Created attachment 4837 [details] testcase3.s One more. By deleting (more or less) random lines from testcase2.s I came up with a 9-line test case which produces 2 nopl instructions when assembled with -mtune=i686. $ as -mtune=i686 -o foo testcase3.s $ objdump -d foo Disassembly of section .text: 00000000 <.text>: 0: 55 push %ebp 1: 5d pop %ebp 2: c3 ret 3: 0f 1f 44 00 00 nopl 0x0(%eax,%eax,1) 8: c3 ret 9: 0f 1f 80 00 00 00 00 nopl 0x0(%eax)
Oops, sorry for the test case spam. I did not see your comment. I understand now. "as -mtune=i686" basically works out to be "as -march=i686 -mtune=i686" Hence generating i686-specific instructions is acceptable/expected.

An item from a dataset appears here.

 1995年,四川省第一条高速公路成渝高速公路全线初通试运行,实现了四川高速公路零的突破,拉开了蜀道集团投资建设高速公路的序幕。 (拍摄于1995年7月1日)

My confusion stemmed from the fact that this is a minor behavioural difference from the equivalently named parameters to gcc. (maybe this is why gcc does not pass those parameters down to the assembler by default)

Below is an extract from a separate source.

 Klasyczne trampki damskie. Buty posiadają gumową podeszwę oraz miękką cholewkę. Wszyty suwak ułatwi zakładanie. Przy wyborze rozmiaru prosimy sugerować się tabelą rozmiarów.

That does not work for me. $ cat nopl.s cmove %eax,%edx .align 8 $ as --32 -mtune=i686 nopl.s $ objdump -dr | grep nopl 3: 0f 1f 44 00 00 nopl 0x0(%eax,%eax,1) $ as --32 -mtune=i686 -march=i486 nopl.s nopl.s: Assembler messages: nopl.s:1: Error: `cmove' is not supported on `i486' There should be a way to set -mtune while letting -march alone.
(In reply to comment #18) > That does not work for me. > > $ cat nopl.s > cmove %eax,%edx > .align 8 > $ as --32 -mtune=i686 nopl.s > $ objdump -dr | grep nopl > 3: 0f 1f 44 00 00 nopl 0x0(%eax,%eax,1) > $ as --32 -mtune=i686 -march=i486 nopl.s > nopl.s: Assembler messages: > nopl.s:1: Error: `cmove' is not supported on `i486' > > There should be a way to set -mtune while letting -march alone. Please state exactly what you have in mind. From $ cat nopl.s cmove %eax,%edx .align 8 you want i686 instructions, but you don't want to tune for i686. Is that correct?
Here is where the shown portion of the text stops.